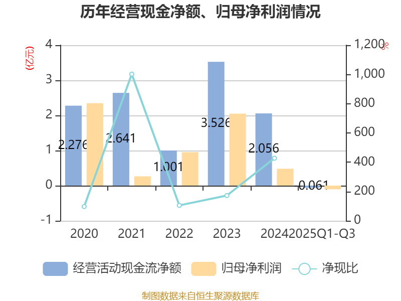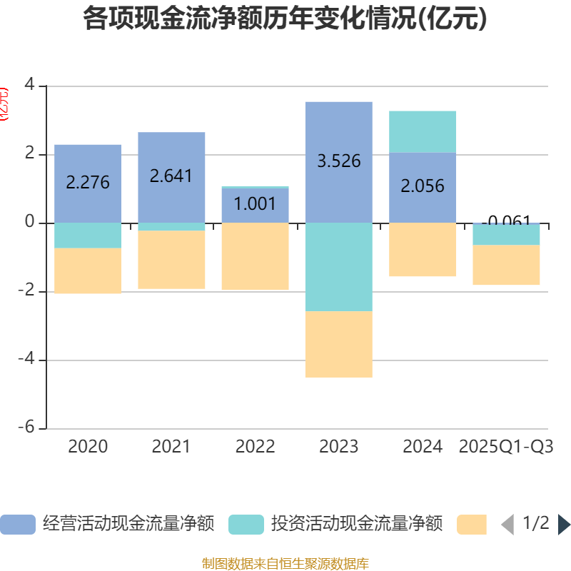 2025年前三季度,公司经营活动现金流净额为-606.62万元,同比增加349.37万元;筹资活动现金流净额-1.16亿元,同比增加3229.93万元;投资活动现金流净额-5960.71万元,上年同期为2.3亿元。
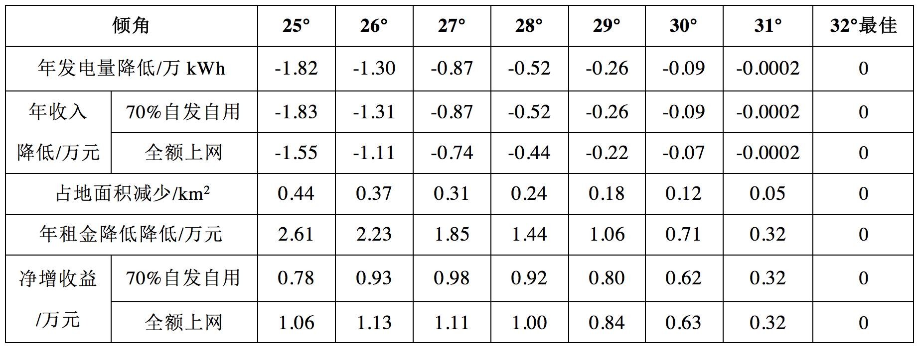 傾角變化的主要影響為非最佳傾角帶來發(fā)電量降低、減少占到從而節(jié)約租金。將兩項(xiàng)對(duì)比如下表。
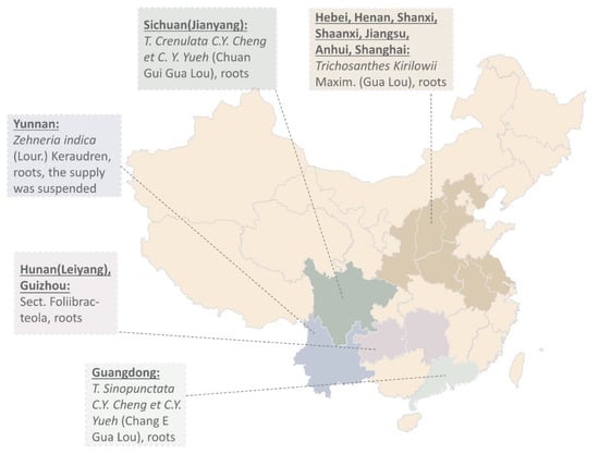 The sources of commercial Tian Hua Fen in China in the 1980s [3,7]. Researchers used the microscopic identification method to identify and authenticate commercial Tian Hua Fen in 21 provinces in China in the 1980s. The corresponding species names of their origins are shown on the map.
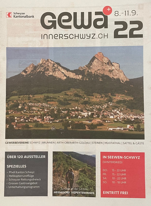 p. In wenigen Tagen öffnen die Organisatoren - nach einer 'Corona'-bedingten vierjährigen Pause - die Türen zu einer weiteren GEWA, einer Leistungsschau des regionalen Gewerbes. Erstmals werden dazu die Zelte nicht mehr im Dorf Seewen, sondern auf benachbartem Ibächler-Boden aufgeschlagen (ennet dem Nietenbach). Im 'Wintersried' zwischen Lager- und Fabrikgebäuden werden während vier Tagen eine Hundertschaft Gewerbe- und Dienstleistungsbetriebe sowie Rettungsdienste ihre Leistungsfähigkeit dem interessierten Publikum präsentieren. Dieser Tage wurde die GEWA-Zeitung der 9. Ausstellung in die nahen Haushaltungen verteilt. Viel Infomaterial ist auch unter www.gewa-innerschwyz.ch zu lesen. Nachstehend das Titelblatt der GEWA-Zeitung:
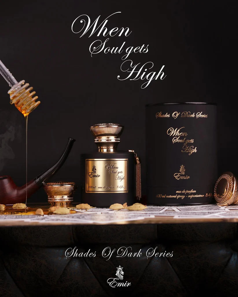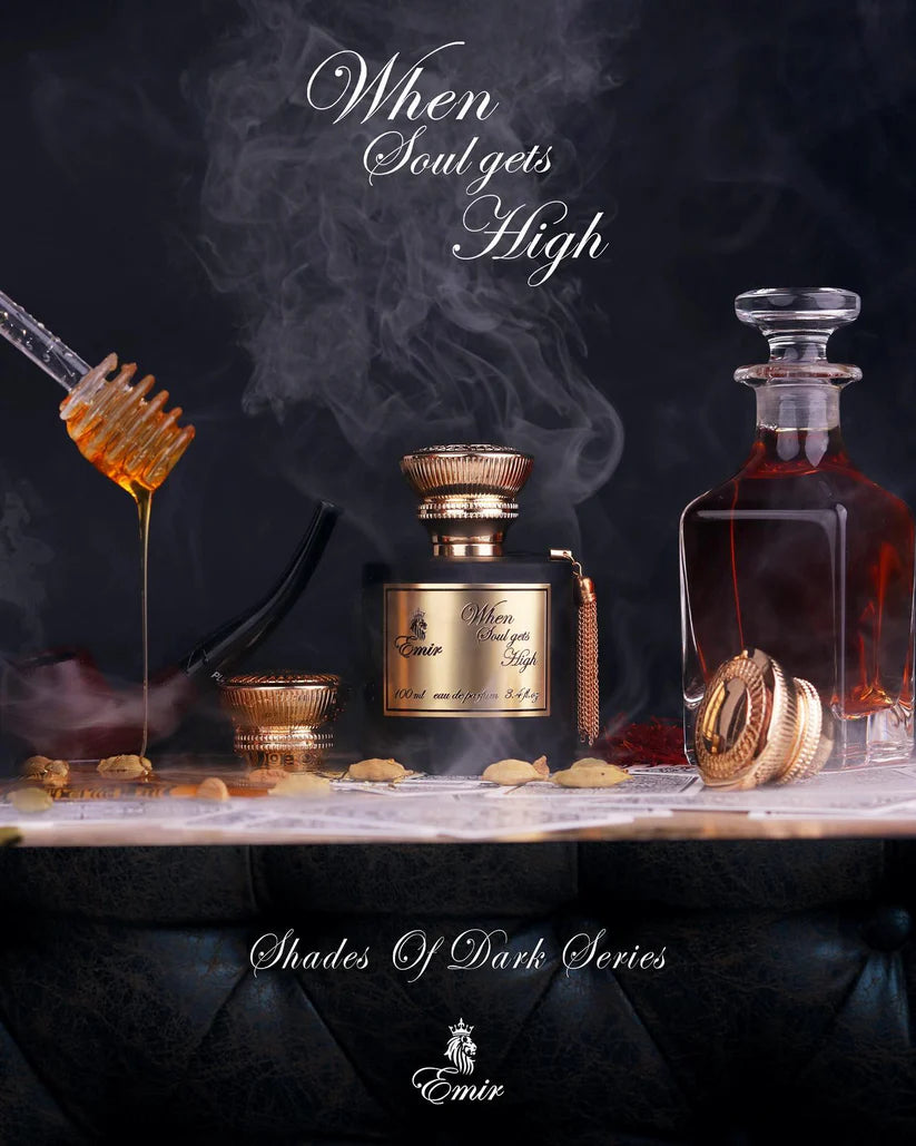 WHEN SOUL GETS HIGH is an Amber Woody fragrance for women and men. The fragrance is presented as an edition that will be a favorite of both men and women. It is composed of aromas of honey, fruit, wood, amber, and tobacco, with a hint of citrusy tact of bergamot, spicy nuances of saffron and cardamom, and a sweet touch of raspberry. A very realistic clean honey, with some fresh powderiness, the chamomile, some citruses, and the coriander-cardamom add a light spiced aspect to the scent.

|---|

* Work instruction
Could you print the whole listing again, exactly, leaving the pictures out?

* Answer box
 2025年前三季度,公司经营活动现金流净额为-606.62万元,同比增加349.37万元;筹资活动现金流净额-1.16亿元,同比增加3229.93万元;投资活动现金流净额-5960.71万元,上年同期为2.3亿元。
 傾角變化的主要影響為非最佳傾角帶來發(fā)電量降低、減少占到從而節(jié)約租金。將兩項(xiàng)對(duì)比如下表。
 The sources of commercial Tian Hua Fen in China in the 1980s [3,7]. Researchers used the microscopic identification method to identify and authenticate commercial Tian Hua Fen in 21 provinces in China in the 1980s. The corresponding species names of their origins are shown on the map.
 p. In wenigen Tagen öffnen die Organisatoren - nach einer 'Corona'-bedingten vierjährigen Pause - die Türen zu einer weiteren GEWA, einer Leistungsschau des regionalen Gewerbes. Erstmals werden dazu die Zelte nicht mehr im Dorf Seewen, sondern auf benachbartem Ibächler-Boden aufgeschlagen (ennet dem Nietenbach). Im 'Wintersried' zwischen Lager- und Fabrikgebäuden werden während vier Tagen eine Hundertschaft Gewerbe- und Dienstleistungsbetriebe sowie Rettungsdienste ihre Leistungsfähigkeit dem interessierten Publikum präsentieren. Dieser Tage wurde die GEWA-Zeitung der 9. Ausstellung in die nahen Haushaltungen verteilt. Viel Infomaterial ist auch unter www.gewa-innerschwyz.ch zu lesen. Nachstehend das Titelblatt der GEWA-Zeitung:
 WHEN SOUL GETS HIGH is an Amber Woody fragrance for women and men. The fragrance is presented as an edition that will be a favorite of both men and women. It is composed of aromas of honey, fruit, wood, amber, and tobacco, with a hint of citrusy tact of bergamot, spicy nuances of saffron and cardamom, and a sweet touch of raspberry. A very realistic clean honey, with some fresh powderiness, the chamomile, some citruses, and the coriander-cardamom add a light spiced aspect to the scent.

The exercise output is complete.